A Christmas Carol

Barry McGovern as Scrooge in the 2009 Gate production of  'A Christmas Carol'. Photo Patrick Redmond.jpg

Barry McGovern as Scrooge in the 2009 Gate production of 'A Christmas Carol'. Photo Patrick Redmond.jpg

Stephen Brennan as The Ghost of Christmas Present and Barry McGovern as Scrooge in the 2009 Gate production of  'A Christmas Carol'. Photo Patrick Redmond

Stephen Brennan as The Ghost of Christmas Present and Barry McGovern as Scrooge in the 2009 Gate production of 'A Christmas Carol'. Photo Patrick Redmond

Stephen Brennan and Barbara Brennan in the 2009 Gate production of 'A Christmas Carol'. Photo Patrick Redmond

Stephen Brennan and Barbara Brennan in the 2009 Gate production of 'A Christmas Carol'. Photo Patrick Redmond

If you’re not close to bursting into tears every time Tiny Tim says “God bless us every one”, you might not be a fit reviewer of an adaptation of A Christmas Carol. But Dickens is my favourite novelist, Christmas, my favourite time of the year, and I can be relied on to bawl for Tiny Tim every time.

That’s why this Gate production disappointed me so much. Because I wasn’t convinced that the cast or the director would ever bawl for Tiny Tim. Certainly not at a matinée performance a week before Christmas, anyway.

A novella does not become, to repeat the cliché, “a timeless classic” unless it contains some huge emotional truth. In A Christmas Carol, which Dickens wrote in 1843, he travelled to the heart of his own emotional loneliness as a young child, packed off to work in a blacking factory because his father was imprisoned for debts.

He fictionalises this loneliness in the figure of the young Scrooge, who is left alone at school every Christmas.

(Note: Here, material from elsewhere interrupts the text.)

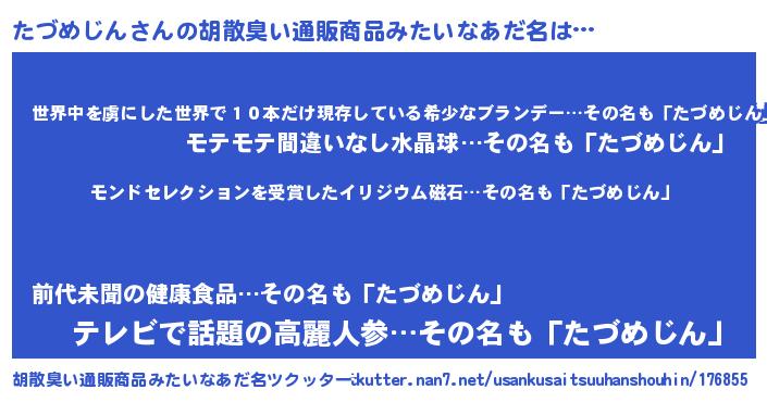 | ヘコむあだ名 | 『たづにゅー』『たづめじん(震え声)』 |

In a rather simplistic, but quite compelling psychological analysis, he portrays Scrooge as a man who has built a wall of money around himself to defeat the loneliness of his childhood.

“You fear the world too much,” says his fiancée as she leaves him, in a passage used in John Mortimer’s adaptation. “All your other hopes have merged into the hope of being beyond the chance of its sordid reproach.” We have all known people with this flaw, and indeed, we are living in a time when it seems as if a whole financial system has been built on it. The novella has never been more topical, either, in its evocation of the horrors of poverty, as world leaders argue in Copenhagen about whether to starve or drown with carbon the people of the developing world.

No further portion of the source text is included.